____ INPUT FOR THIS TASK
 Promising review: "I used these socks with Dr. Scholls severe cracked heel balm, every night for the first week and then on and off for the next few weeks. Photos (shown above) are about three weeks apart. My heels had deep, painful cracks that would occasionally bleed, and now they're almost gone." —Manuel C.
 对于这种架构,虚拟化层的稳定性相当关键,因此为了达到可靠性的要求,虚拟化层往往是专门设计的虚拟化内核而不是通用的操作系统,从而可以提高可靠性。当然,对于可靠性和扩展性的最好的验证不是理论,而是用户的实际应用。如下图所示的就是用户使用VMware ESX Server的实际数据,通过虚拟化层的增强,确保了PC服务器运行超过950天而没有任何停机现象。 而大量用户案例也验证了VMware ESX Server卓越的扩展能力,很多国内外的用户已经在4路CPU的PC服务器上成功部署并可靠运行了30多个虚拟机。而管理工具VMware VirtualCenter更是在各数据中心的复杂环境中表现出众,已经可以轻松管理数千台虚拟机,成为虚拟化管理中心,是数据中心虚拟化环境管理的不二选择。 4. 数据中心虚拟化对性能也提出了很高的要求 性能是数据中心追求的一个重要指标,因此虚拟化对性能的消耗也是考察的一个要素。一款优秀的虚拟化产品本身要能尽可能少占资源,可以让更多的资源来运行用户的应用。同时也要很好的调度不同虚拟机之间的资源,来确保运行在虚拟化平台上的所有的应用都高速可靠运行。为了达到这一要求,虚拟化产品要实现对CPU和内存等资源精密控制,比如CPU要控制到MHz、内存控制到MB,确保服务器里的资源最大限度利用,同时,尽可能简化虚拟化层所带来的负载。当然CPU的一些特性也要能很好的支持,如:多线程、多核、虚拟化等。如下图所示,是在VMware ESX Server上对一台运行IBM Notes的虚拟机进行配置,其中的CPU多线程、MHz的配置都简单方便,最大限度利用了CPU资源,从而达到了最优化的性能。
________
____ INPUT FOR THIS TASK
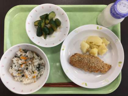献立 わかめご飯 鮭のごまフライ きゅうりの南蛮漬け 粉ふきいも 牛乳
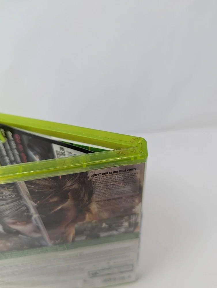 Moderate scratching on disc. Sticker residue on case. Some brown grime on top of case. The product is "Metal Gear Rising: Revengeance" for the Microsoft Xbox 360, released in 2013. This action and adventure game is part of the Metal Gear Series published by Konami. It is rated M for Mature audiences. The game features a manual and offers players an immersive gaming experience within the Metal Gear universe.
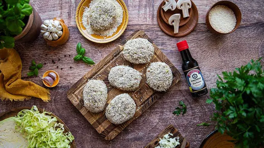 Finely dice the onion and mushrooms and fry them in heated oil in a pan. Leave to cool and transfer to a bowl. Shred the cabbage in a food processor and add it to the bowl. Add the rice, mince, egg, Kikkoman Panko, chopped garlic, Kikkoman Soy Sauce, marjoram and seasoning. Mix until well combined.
________
→ REQUIRED WORK
What do the entries above read from the line containing "Moderate scratching on" through the line containing "Finely dice the"? Output those lines exactly, both ends included, with the pictures left out.

→ ANSWER TO THE EXERCISE
 Moderate scratching on disc. Sticker residue on case. Some brown grime on top of case. The product is "Metal Gear Rising: Revengeance" for the Microsoft Xbox 360, released in 2013. This action and adventure game is part of the Metal Gear Series published by Konami. It is rated M for Mature audiences. The game features a manual and offers players an immersive gaming experience within the Metal Gear universe.
 Finely dice the onion and mushrooms and fry them in heated oil in a pan. Leave to cool and transfer to a bowl. Shred the cabbage in a food processor and add it to the bowl. Add the rice, mince, egg, Kikkoman Panko, chopped garlic, Kikkoman Soy Sauce, marjoram and seasoning. Mix until well combined.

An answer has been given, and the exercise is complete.